“Yes, there are. Again, we usually break these down into three varieties. Those would be hanging, ligature strangulation, and manual strangulation.”

“Can you distinguish between accidental, intentional, and homicidal deaths in the case of asphyxia by strangulation?”

Genco spoke confidently to the jurors farthest from the stand. “Most of the time, of course. The overwhelming number of hangings are suicides-it’s not a method frequently used as a means of killing someone.”

The jury was following his analysis. “With ligature strangulation, although you do get a few accidents, virtually all the cases are homicides-probably the most common form of homicidal asphyxia.”

“And by ligature, tell us what you mean exactly.”

“Certainly, Ms. Cooper. I’m referring to a bond of some kind-electrical cord, rope, wire, necktie-an object used to encircle the neck horizontally, occluding blood and oxygen from reaching the brain.”

“That’s distinguished from manual strangulation, is it not?”

“Quite easily, in fact. Manual strangulation-death caused by using one’s hands to compress the neck of another-can never be anything but homicide.”

“Would you please tell the jury why, Dr. Genco?”

He straightened his glasses and looked earnestly at the people in the box. “It’s not possible to use your own hands to strangle yourself. Pressure on the neck is a very intentional, deliberate action. The first thing such excessive pressure causes is a loss of consciousness. So that if you were holding your own throat until the point at which you passed out, you couldn’t possibly continue to keep the grip on. You’d regain consciousness as soon as your hands dropped away.”

I wanted him to go through every second of Amanda Quillian’s final agony. I wanted them to understand that her last moments were spent face-to-face with her attacker, at less than arm’s length, while he purposefully squeezed the life out of her body.

“Can you estimate for us, with a reasonable degree of medical certainty, how long it was that Mrs. Quillian remained conscious while her neck was being compressed?”

Genco took his time with the answer, trying to explain the dynamic of this death mechanism without drawing an objection for any prejudicial statement. “Strangulation, you must understand, does not cause death as quickly, say, as a bullet to the brain or a stab wound to the heart. There is evidence here that despite her small stature and weight, the deceased put up a struggle-a fierce struggle-for her life.”

Several jurors began to wriggle in their seats as they followed his testimony. Genco paused, asking permission of Judge Gertz to step to the easel and refer to an enlargement of one of the autopsy photographs I had introduced through him half an hour earlier. I handed him a pointer and he got back to work.

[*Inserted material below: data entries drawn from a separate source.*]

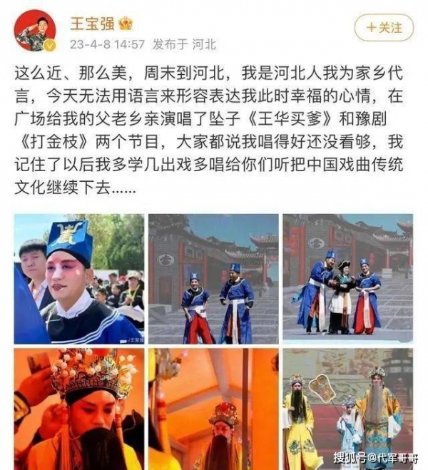 不久前王宝强被聘为"河北文旅宣传使者",将代表河北宣传文化和旅游资源,为河北地区的发展做出更大的贡献。近日,王宝强更新动态,晒出一组在老家河北登台唱戏的照片,现场火爆,心情佳。一出当地传统的坠子戏《王华买爹》以及豫剧《打金枝》获得现场朋友的热烈掌声。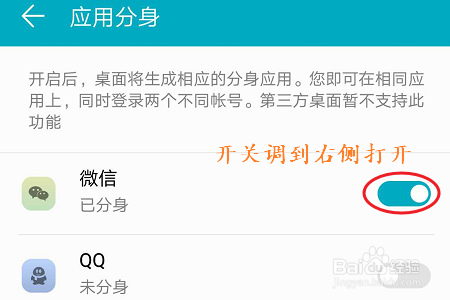 点击进入之后我们会看到系统今朝撑持微信和QQ两个应用,开启方式也很简单,只需将应用右侧的按钮调到右侧打开即可;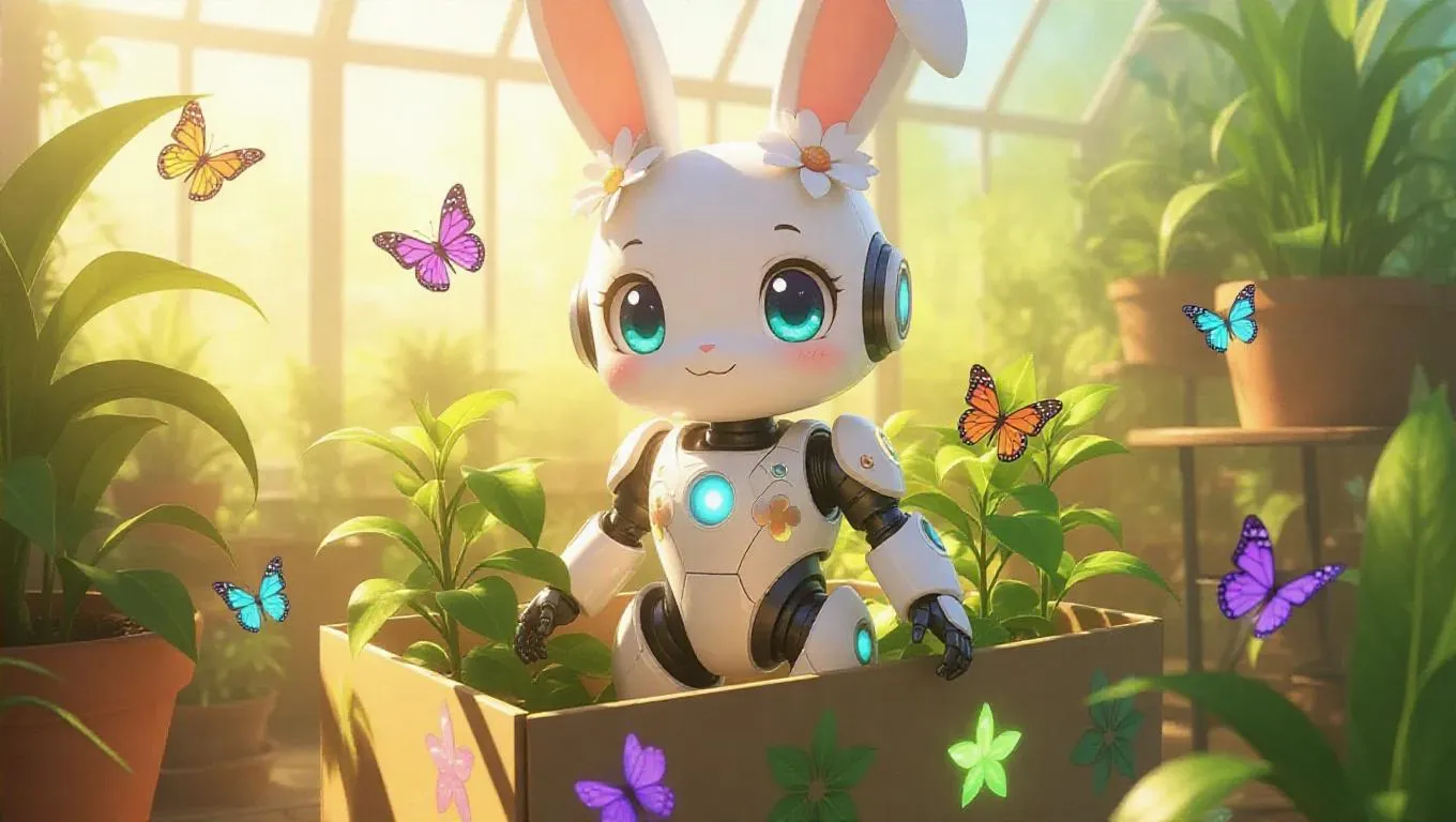 An anime-styled robot bunny with flower ears, a jetpack tail, and twinkling eyes stands in a gardening-themed box adorned with plants, glowing stickers, and planting decals. The background features a bunny-themed greenhouse, with floating butterflies adding a whimsical touch. Soft, warm light enhances the green colors, creating a fresh and vibrant atmosphere. The style is playful and cartoonish, with clean lines and exaggerated features.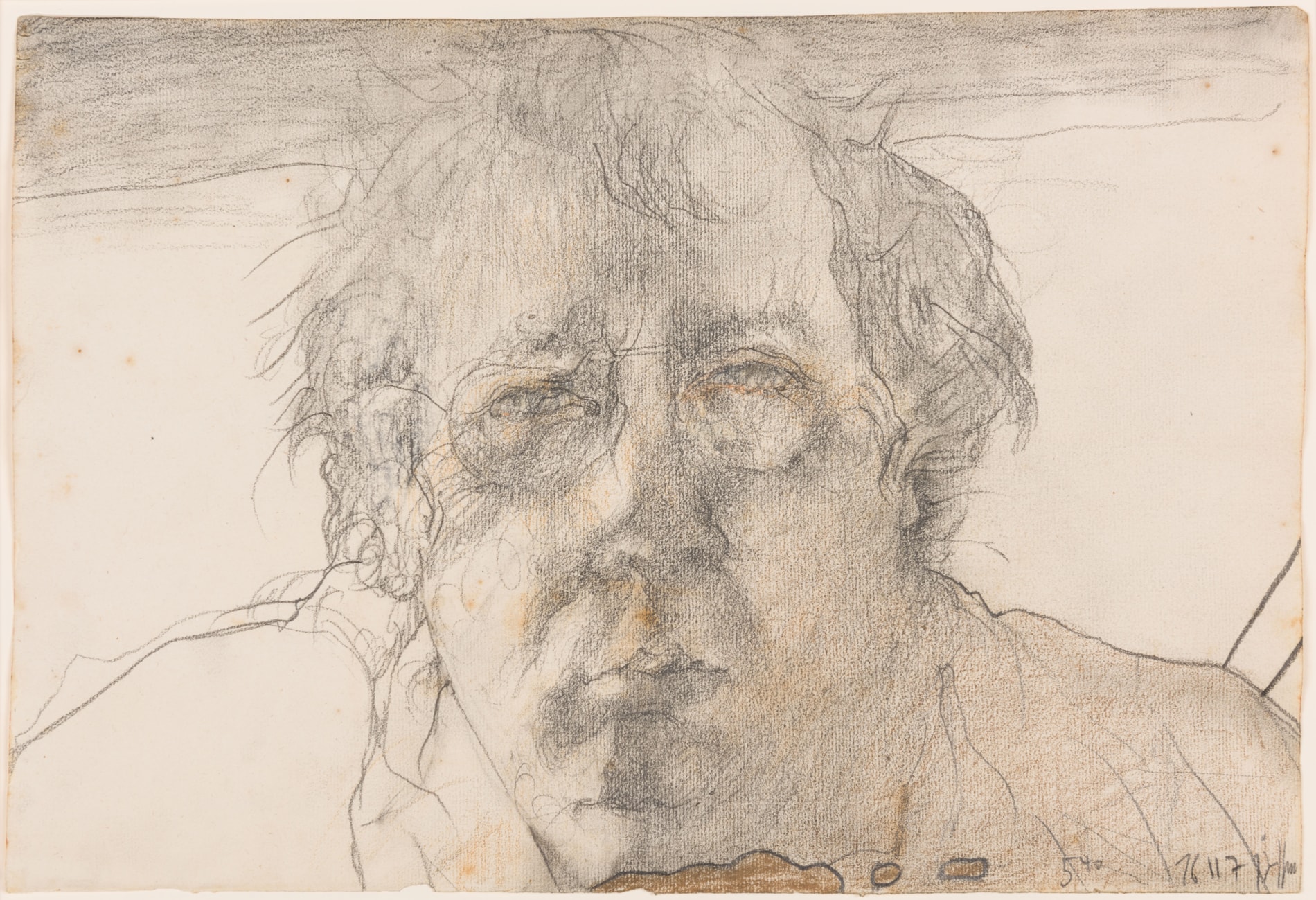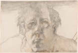 The artist further described the process of making a self-portrait drawing: ‘So I sit down in the morning under the lamp when it is still dark and look across at myself for a moment: the right side of my face in reflection is shadowed. A light-hearted mischievousness does not make me see the most intense darkness a little to the right of the right extremity of the reflection of my face, where the most intense darkness actually is, but in the middle of the same to the right next to the nose, and the top and bottom lips running into the nick of the chin. The left eye strikes me as being quiet, soft and large because its gaze is not fixed on any one object. From this moment on I have to be careful not to destroy this completely ‘Nazarene’ expression, by not looking at my reflection too penetratingly or by not making it grin by remembering a joke. This can only happen as a form of recovery after the fixing of a momentary image. Once this has happened, the two of us can allow ourselves a coffee, a cigarette and a short chat to recover, which affords us considerable pleasure since we have the same needs and pleasures in everything. In the ensuing period the already determined concept is filled in quasi-automatically. From time to time I glance across at him seeking correction or merely confirmation and he glances back to me, showing a sympathetic understanding for my intentions. Thus this tender portrait comes to an end by itself, in this corresponding hour of the morning. I also put a crude signature underneath just of figures indicating the time – like a concluding farewell as an emphatic ending to a successful and clarifying discussion. And then a few seconds afterwards, when I am alone, I laugh out loud: Duped. And the day can begin.’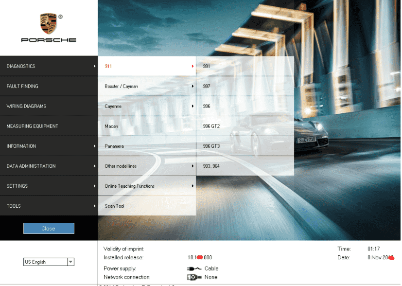 10.V18.1000 Porsche Piwis Tester II Functions and Descriptions:
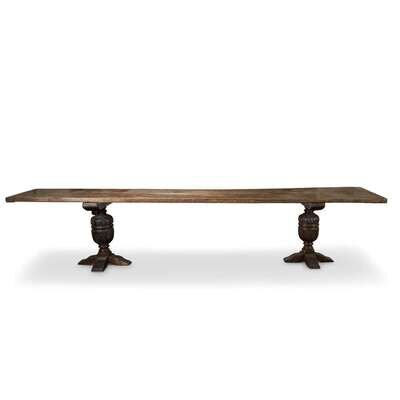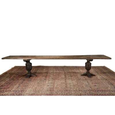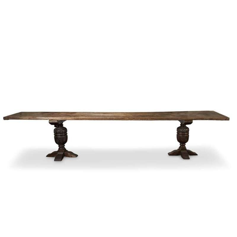 Possibly associated, the single plank elm top raised on two carved oak pedestals.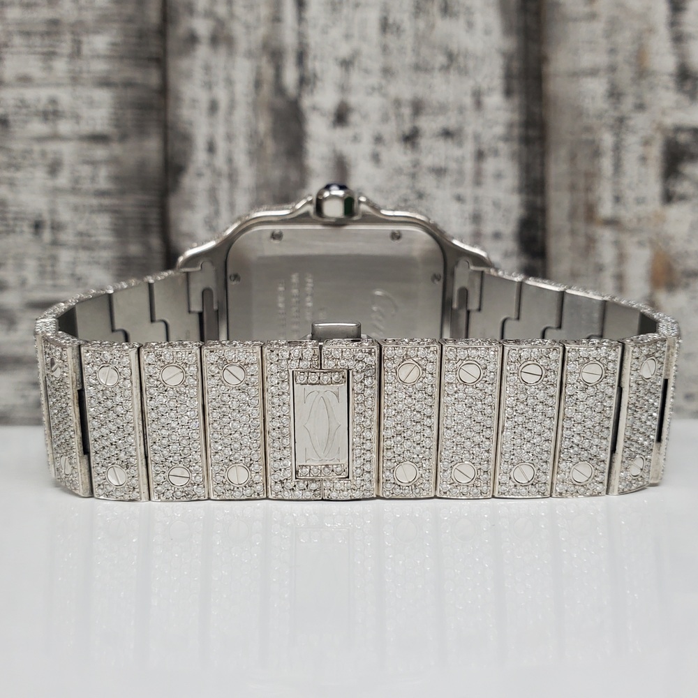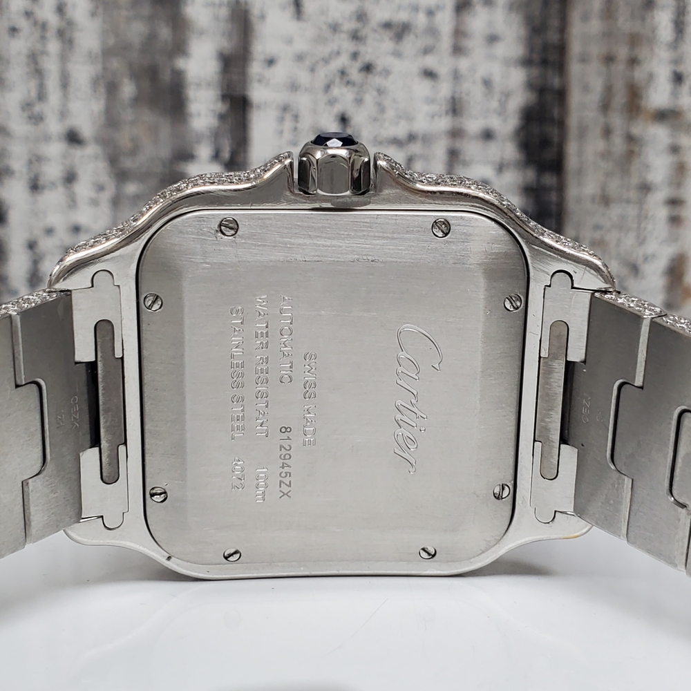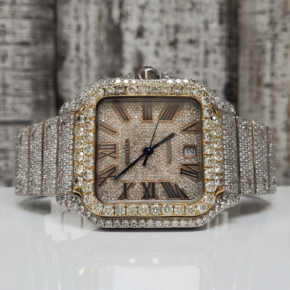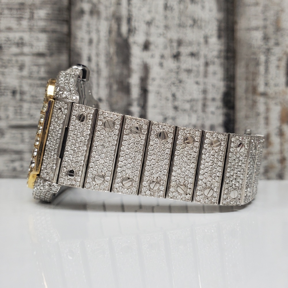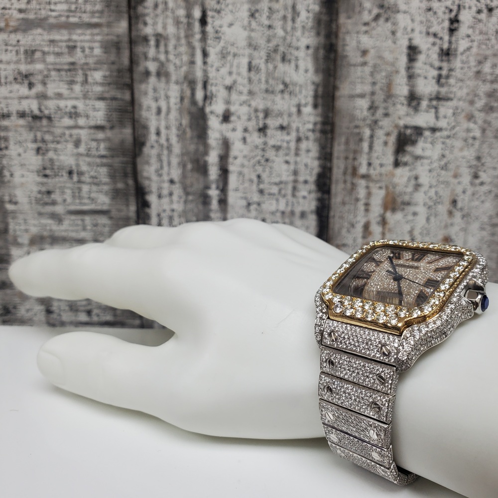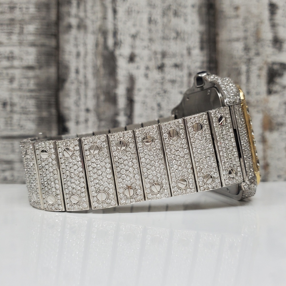 This stunning Cartier Santos 4072 watch boasts an estimated 17.25ctw diamond embellishments throughout the band, bezel, case and dial. Its luxurious design includes aftermarket parts with 87.1 dwt stainless steel and 18K yellow gold finishes. Please note, due to the aftermarket modifications, the watch's water resistance cannot be guaranteed. This glamorous timepiece is a must-have for premium jewelry collectors.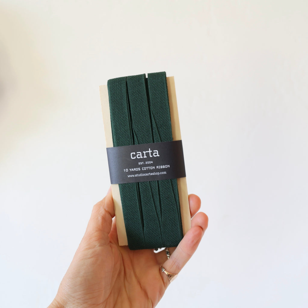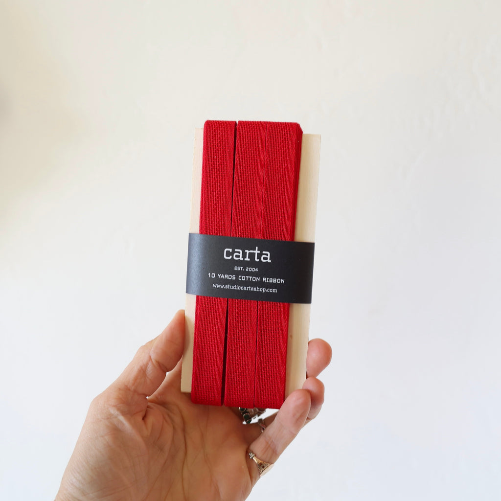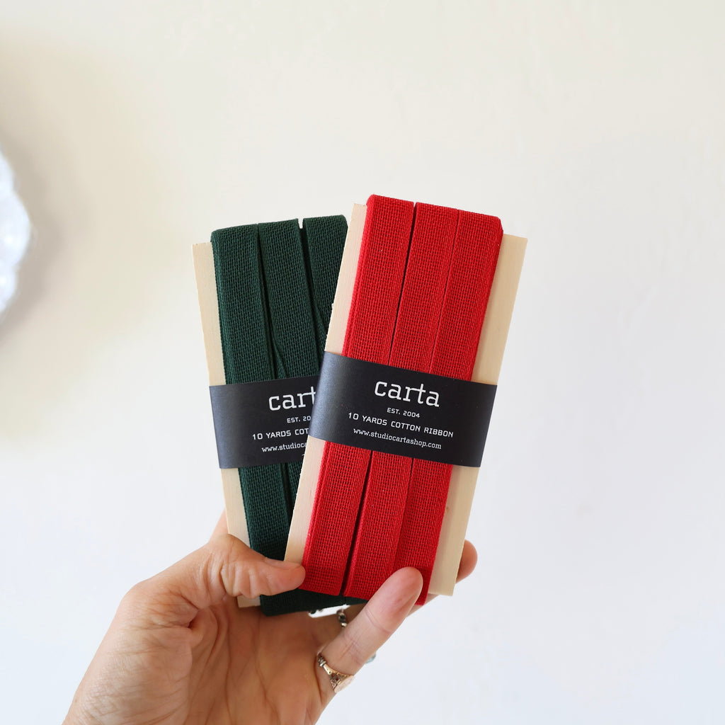 Loose Weave Cotton Ribbon - 2 Colors $ 22.00 Description Solid colored ribbon in a loose weave cotton. This has a sturdy feel to it - it makes a nice bow. Choose from 2 colors. Width - 1/2", 10 yards Designed by Angela Liguori, made in Italy color red - $ 22.00 forest green - $ 22.00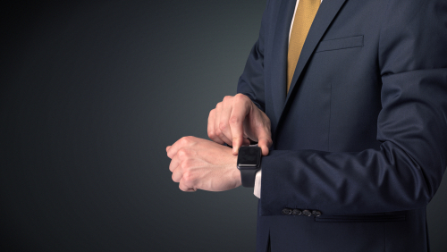 Man wearing suit with smartwatch on his wrist.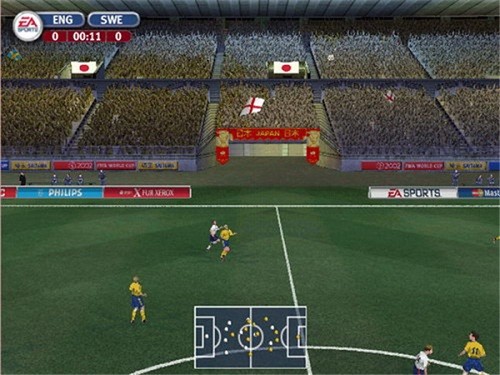 从《FIFA94》算起,《FIFA2002世界杯》已经是EASPROTS的第十一部作品了。整个FIFA系列一直在电脑足球游戏领域扮演着“老大”地位,每一作都是足球游戏FANS们的必玩之作。在经历了《FIFA2001》的失败后,EASPROTS又推出了《FIFA2002》和《FIFA2002世界杯》,可以这么说,从《FIFA2002》开始起,EASPORTS便抛弃了以前的游戏风格,开始向KCET(KONAMI)的《实况足球.胜利十一人》系列(WE系列)学习。玩过《FIFA2002》的玩家都有感触,整个游戏由于明显有一种想学习《实况足球》的风格,反而弄得原有的游戏风格荡然无存,让一些老玩家深感不适。虽然画面是强化了,不过在球感的把握上,EASPORTS仍显稚嫩;虽然人物的动作看起来非常的逼真,但是玩家一旦操作起来,便感到操作的僵化。

“These marks on the neck of the deceased represent the force used by her assailant to subdue her, and then to cause her death.” He tapped at several large bruises on her throat as he spoke. “Repeated applications of force, actually, suggesting that she was struggling against him while he tried to fasten his grip more tightly. All of that fighting prolonged the process of the strangulation.”

The finger marks of the killer looked enormous to me, causing not only the external bruising but the hemorrhaging deep into the musculature that Genco’s dissection of the throat had revealed. I had studied the images for months, thinking constantly of someone with hands big enough, strong enough, to cause that damage. Someone with hands much larger than Brendan Quillian’s, which detectives had examined at the time of his arrest.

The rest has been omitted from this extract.